The Chicago Blackhawks have had a bit more trouble with the Minnesota Wild than most expected. Some of this is attributable to the Wild being a deeper and better team than many realized, but the decided majority of Chicago’s troubles are attributable to something the Blackhawks have been doing — or, to be more precise, something they haven’t been doing.
Chicago Blackhawks’ Forecheck: 1-2-2 vs. 2-1-2
The Blackhawks ran a conservative 1-2-2 forecheck for close to the entirety of both Games 3 and 4. It’s no coincidence that they generated almost no offensive pressure in either of those tilts, and complaints that the games were boring ran rampant. It’s difficult to come up with a reason why Joel Quenneville thought playing things safe would be a good idea. Chicago doesn’t have the personnel to play whole games sitting back in the neutral zone; this is a style more befitting far less talented teams like the Nashville Predators.
After the disastrous third and fourth games in St. Paul, the Blackhawks were much more aggressive on the forecheck in Game 5. They primarily played a 2-1-2, and the result was a series high in shots on net. In the second period of Game 5 alone, Chicago threw 15 shots Ilya Bryzgalov’s way.
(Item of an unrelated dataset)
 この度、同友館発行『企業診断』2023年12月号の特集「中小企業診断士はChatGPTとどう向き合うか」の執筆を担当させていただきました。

Prior to Sunday, the Blackhawks hadn’t managed more than 22 in an entire game.
Chicago’s well-documented puck possession game is predicated on an aggressive forecheck. Early in the third period of Game 5, Jonathan Toews laid a huge hit on Mikael Granlund when the Blackhawks were pressing hard for offensive zone possession, something they didn’t do in Games 3 or 4 until they were trailing by multiple goals. A handful of seconds later, Toews scored the game winner.
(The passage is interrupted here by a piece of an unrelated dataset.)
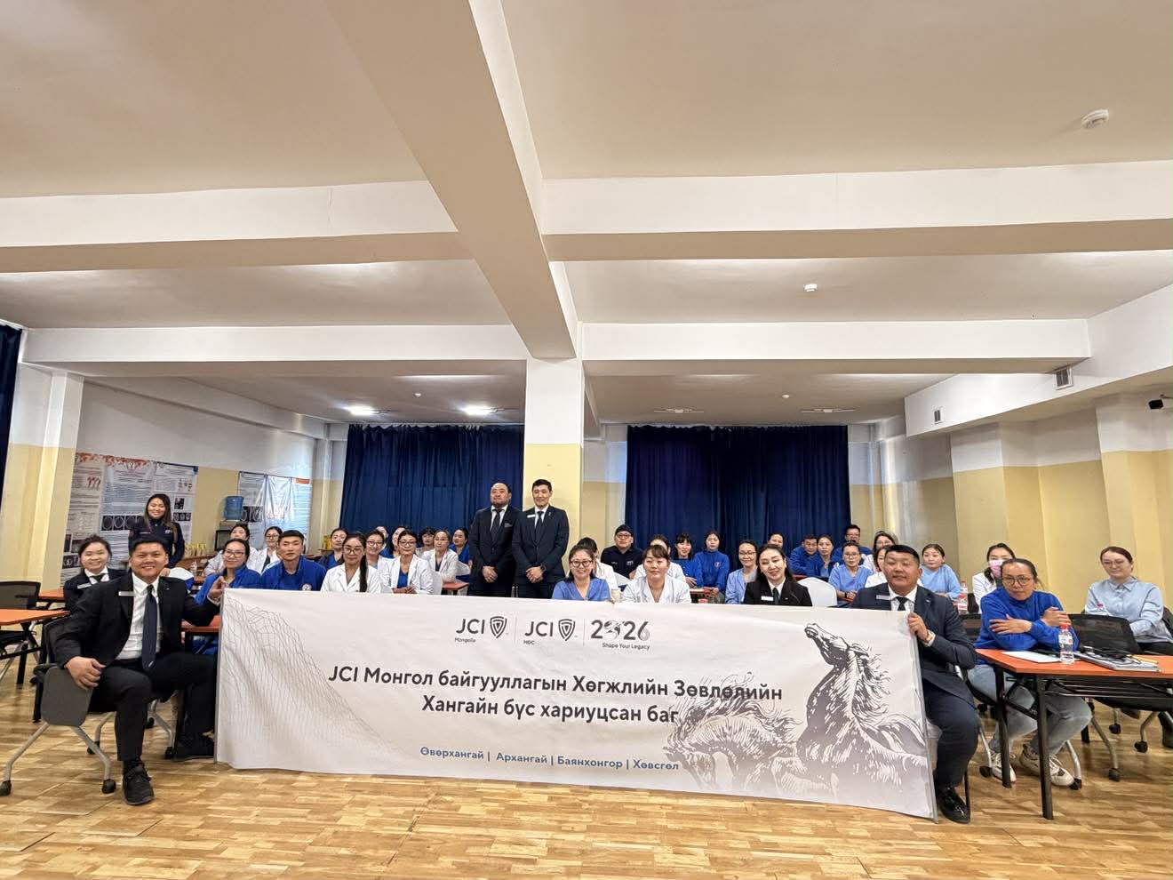 JCI Монгол байгууллагын Хөгжлийн Зөвлөлийн Хангайн бүс хариуцсан баг хамт олон Үе хоорондын манлайлал, OMOIYARI сэдэвт сургалтуудыг БОЭТ-ийн эмч, тасгийн эрхлэгч, тасгийн эд хариуцагч, захиргааны ажилтад хамрагдсан байна. Сургалтад нийт 60 гаруй эмч, эмнэлгийн ажилтан хамрагдсан байна.

Quenneville still elects to switch to the 1-2-2 a bit earlier in games than he probably should, often choosing to have the Blackhawks spend the entire third period in a defensive shell if they have any sort of lead. This has come back to bite Chicago in the past, especially in the first round against the St. Louis Blues.
The Blackhawks need to stay aggressive in Game 6. Being overly conservative has killed the team on the road thus far in the playoffs. It’s on Quenneville to improve on his already helpful adjustments from Game 5.